Many were the mishaps and disasters that his music warded off. With it he lulled monsters to sleep; more powerful to work magic on the hearts of men were his melodies then were the songs of the sirens when they tried to capture the Argonauts by their wiles, and in their downward, destroying rush his music checked mountains.
When the quest of the Argonauts was ended, Orpheus returned to his own land of Thrace. As a hero he had fought and endured hardship, but his wounded soul remained unhealed. Again the trees listened to the songs of longing. Again they echoed, "Eurydice! Eurydice!"
As he sat one day near a river in the stillness of the forest, there came from afar an ugly clamour of sound. It struck against the music of Orpheus' lute and slew it, as the coarse cries of the screaming gulls that fight for carrion slay the song of a soaring lark. It was the day of the feast of Bacchus, and through the woods poured Bacchus and his Bacchantes, a shameless rout, satyrs capering around them, centaurs neighing aloud. Long had the Bacchantes hated the loyal poet-lover of one fair woman whose dwelling was with the Shades. His ears were ever deaf to their passionate voices, his eyes blind to their passionate loveliness as they danced through the green trees, a riot of colour, of fierce beauty, of laughter and of mad song. Mad they were indeed this day, and in their madness the very existence of Orpheus was a thing not to be borne. At first they stoned him, but his music made the stones fall harmless at his feet. Then in a frenzy of cruelty, with the maniac lust to cause blood to flow, to know the joy of taking life, they threw themselves upon Orpheus and did him to death. From limb to limb they tore him, casting at last his head and his blood-stained lyre into the river. And still, as the water bore them on, the lyre murmured its last music and the white lips of Orpheus still breathed of her whom at last he had gone to join in the shadowy land, "Eurydice! Eurydice!"

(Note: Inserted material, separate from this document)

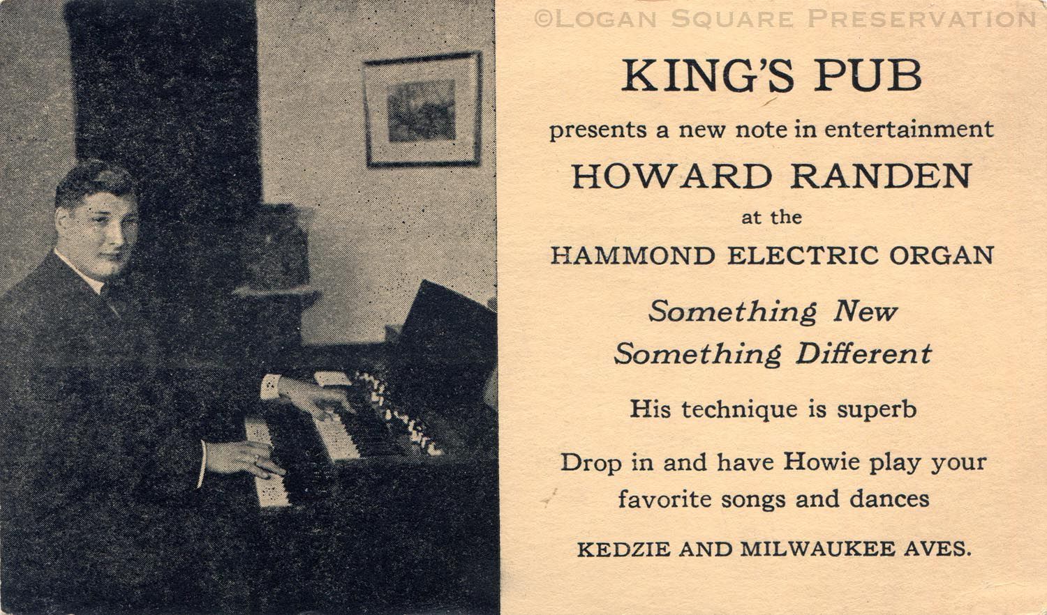 Promotional postal card with photo of "Howie" Randen sitting at electric organ announcing entertainment at King's Pub, circa 1939Subject Person/Organization

"Combien d'autres sont morts de même! C'est la lutte éternelle de la force brutale contre l'intelligence douce et sublime inspirée du ciel, dont le royaume n'est pas de ce monde."
In the heavens, as a bright constellation called Lyra, or Orpheus, the gods placed his lute, and to the place of his martyrdom came the Muses, and with loving care carried the fragments of the massacred body to Libetlera, at the foot of Mount Olympus, and there buried them. And there, unto this day, more sweetly than at any other spot in any other land, the nightingale sings. For it sings of a love that knows no ending, of life after death, of a love so strong that it can conquer even Death, the all-powerful.